Lights Out: A Nighttime UAV Localization Framework Using Thermal Imagery and Semantic 3D Maps
Pith reviewed 2026-05-07 13:30 UTC · model grok-4.3
The pith
Semantic reprojection aligns nighttime thermal images with daytime 3D maps to localize UAVs without GNSS.
A machine-rendered reading of the paper's core claim, the machinery that carries it, and where it could break.
Core claim
Localization is formulated in a shared semantic domain and solved via a symmetric bidirectional reprojection objective with confusion-aware weighting to improve robustness under segmentation uncertainty. Evaluated on real nighttime UAV trajectories, it achieves a bias-corrected RMSE2D of 2.18 m and median of 1.52 m, with errors concentrated in semantically ambiguous regions.
What carries the argument
The symmetric bidirectional reprojection objective with confusion-aware weighting, which aligns semantic labels from thermal segmentation to the 3D map while downweighting uncertain labels.
If this is right
- Localization performance reaches 2.18 m bias-corrected RMSE2D on 6.5 km of real nighttime flights.
- Accuracy correlates strongly with availability of semantic edge evidence in the scene.

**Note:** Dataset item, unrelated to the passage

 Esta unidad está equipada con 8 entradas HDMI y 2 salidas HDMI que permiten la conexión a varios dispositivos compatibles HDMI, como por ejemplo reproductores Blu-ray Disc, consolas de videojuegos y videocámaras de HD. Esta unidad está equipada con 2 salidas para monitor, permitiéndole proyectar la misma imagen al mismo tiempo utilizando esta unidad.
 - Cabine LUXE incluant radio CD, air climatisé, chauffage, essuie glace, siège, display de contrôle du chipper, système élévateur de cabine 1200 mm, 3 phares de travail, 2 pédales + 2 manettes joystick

- Large localization errors occur only in spatially localized ambiguous areas rather than randomly.
- Semantic reprojection provides a viable path for globally referenced nighttime UAV localization using thermal imagery alone.
Where Pith is reading between the lines
- Such a system could serve as a backup for GNSS in urban or contested environments where night operations are common.

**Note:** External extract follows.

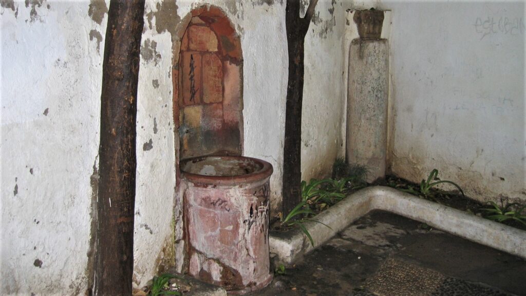 Este edificio, quizá el más representativo de este tipo de construcciones que aún se conserva en estado casi original y que merece una visita, contiene en sus doce patios varias fuentes, entre ellas esta de su patio de entrada.

- Extending the approach to dynamic maps or online map updates might handle changing environments better.
- Testing in more varied terrains could reveal how semantic density affects reliability across different settings.
Load-bearing premise
That thermal image segmentation produces semantic categories that match those in the daytime RGB map reliably enough for reprojection to disambiguate position.
What would settle it
Running the system on a nighttime trajectory in an area with abundant semantic edges but observing RMSE2D errors significantly above 2 meters would falsify the claim of robust localization.
Figures
read the original abstract
Reliable backup localization for unmanned aerial vehicles (UAVs) operating in GNSS-denied nighttime conditions remains an open challenge due to the severe modality gap between daytime RGB maps and nighttime thermal imagery. This work presents a semantic reprojection framework for map-relative nighttime UAV localization by aligning segmented thermal observations with a globally referenced, semantically labeled 3D map constructed from daytime RGB data. Rather than relying on appearance-based correspondence, localization is formulated in a shared semantic domain and solved via a symmetric bidirectional reprojection objective with confusion-aware weighting to improve robustness under segmentation uncertainty. The approach is evaluated offline across 6.5 km of nighttime, real-world UAV flight trajectories in urban and semi-structured environments. Relative to RTK GNSS ground truth, the system achieves a bias-corrected RMSE2D of 2.18 m and a median RMSE2D of 1.52 m. Results show that localization performance is strongly correlated with the availability of semantic edge evidence and that large-error events are spatially localized to semantically ambiguous areas rather than uniformly distributed. These findings indicate that semantic reprojection offers a promising pathway toward globally referenced nighttime UAV localization using thermal imagery alone.
Editorial analysis
A structured set of objections, weighed in public.
Referee Report
Summary. The manuscript proposes a semantic reprojection framework for map-relative nighttime UAV localization. Thermal imagery is segmented and aligned to a globally referenced, semantically labeled 3D map built from daytime RGB data via a symmetric bidirectional reprojection objective that incorporates confusion-aware weighting to handle segmentation uncertainty. The method is evaluated offline on 6.5 km of real-world nighttime UAV trajectories in urban and semi-structured environments, reporting a bias-corrected RMSE2D of 2.18 m and median RMSE2D of 1.52 m relative to RTK GNSS ground truth, with performance shown to correlate with semantic edge availability.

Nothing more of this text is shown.